Many scientists, including the Nobel Prize committee member Arne Tiselius and Physics laureate Chen-Ning Yang, believed Wang's total synthesis of insulin was worthy of a Nobel Prize. However, the Cultural Revolution (1966–1976) intervened and the Chinese Communist government considered the Nobel Prize a symbol of Western decadence. Instead, Wang was held a virtual prisoner in a building at his institute and forced to study Mao Zedong thought. He was unable to conduct research for most of the ten years. During an interview in 1986, Wang told The Straits Times that "we were like the proverbial hare which took a long nap while others were not like the tortoise".
After the end of the Cultural Revolution, Wang and his team resumed their work and achieved the synthesis from inorganic chemicals of a transfer RNA (tRNA), another significant biological molecule, in the late 1970s.

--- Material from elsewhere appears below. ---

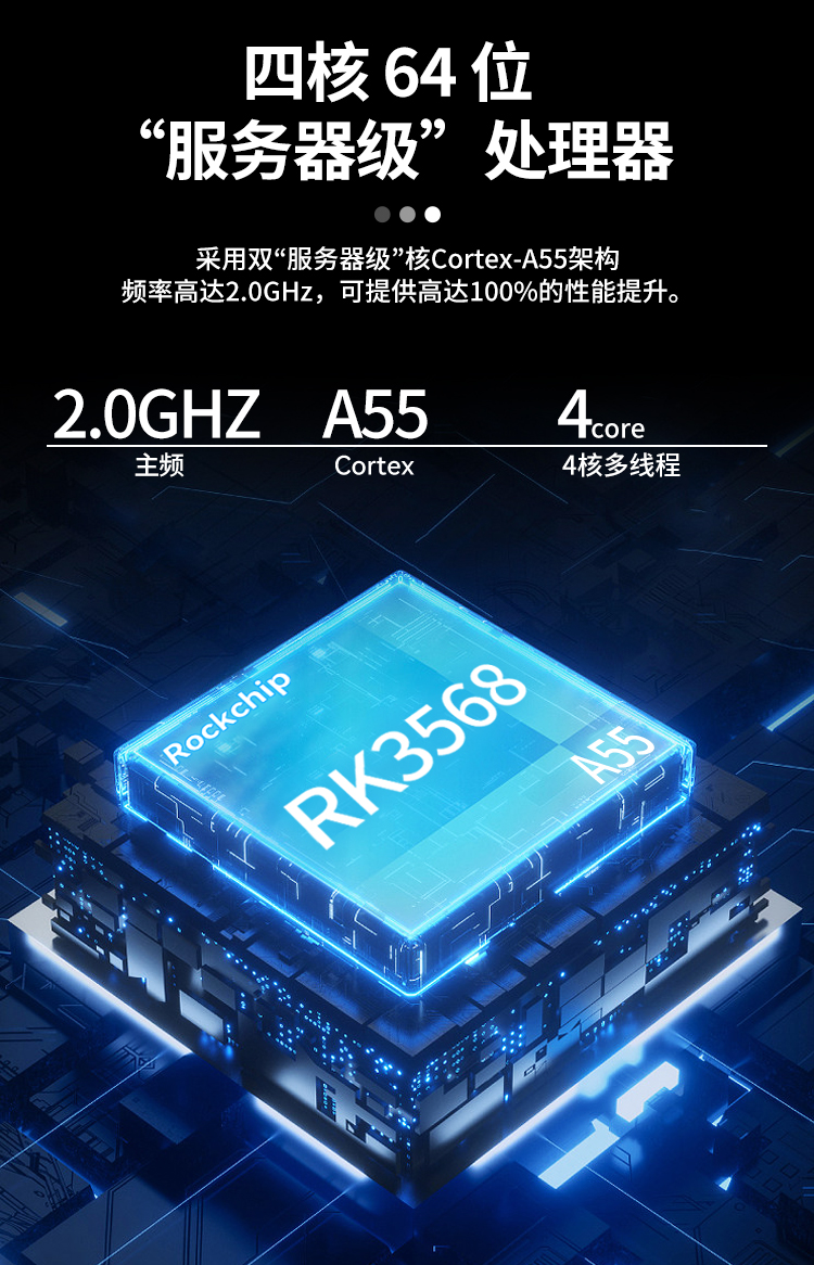 ◆ 四核低功耗 Cortex-A55 up to 2.0GHz,內(nèi)置 1TOPS NPU;

Wang established several training programs for young biochemists, many of whom later became accomplished scientists, including academicians Li Zaiping, Xu Genjun, Hong Guofan, Liu Xinyuan, and Wang Enduo.
In 1988, William Joseph Whelan, the founder of the Miami Winter Symposium for Biotechnology, created the Special Achievement Award of the symposium and presented the first award to Wang. In 1996, he was nominated by many scientists for the Ho Leung Ho Lee Prize for Achievement in Science and Technology. When he won the award with its prize money of one million yuan, he used it to fund a scholarship for graduate students at the Chinese Academy of Sciences.
Wang met Liu Runling (刘润苓), a student at Yenching University, when he was recuperating from tuberculosis in Beijing. They married and had two sons, Wang Jiahu (王家槲) and Wang Jianan (王家楠). Liu worked as a teacher and started a kindergarten. She suffered from Alzheimer's disease in old age and died in 1992.
Wang died in Shanghai on 5 May 2001, aged 93. Academician Xu Genjun eulogized Wang with a quotation from the Tao Te Ching: "The top class of virtue is like water, which benefits ten thousand objects without any demands for return."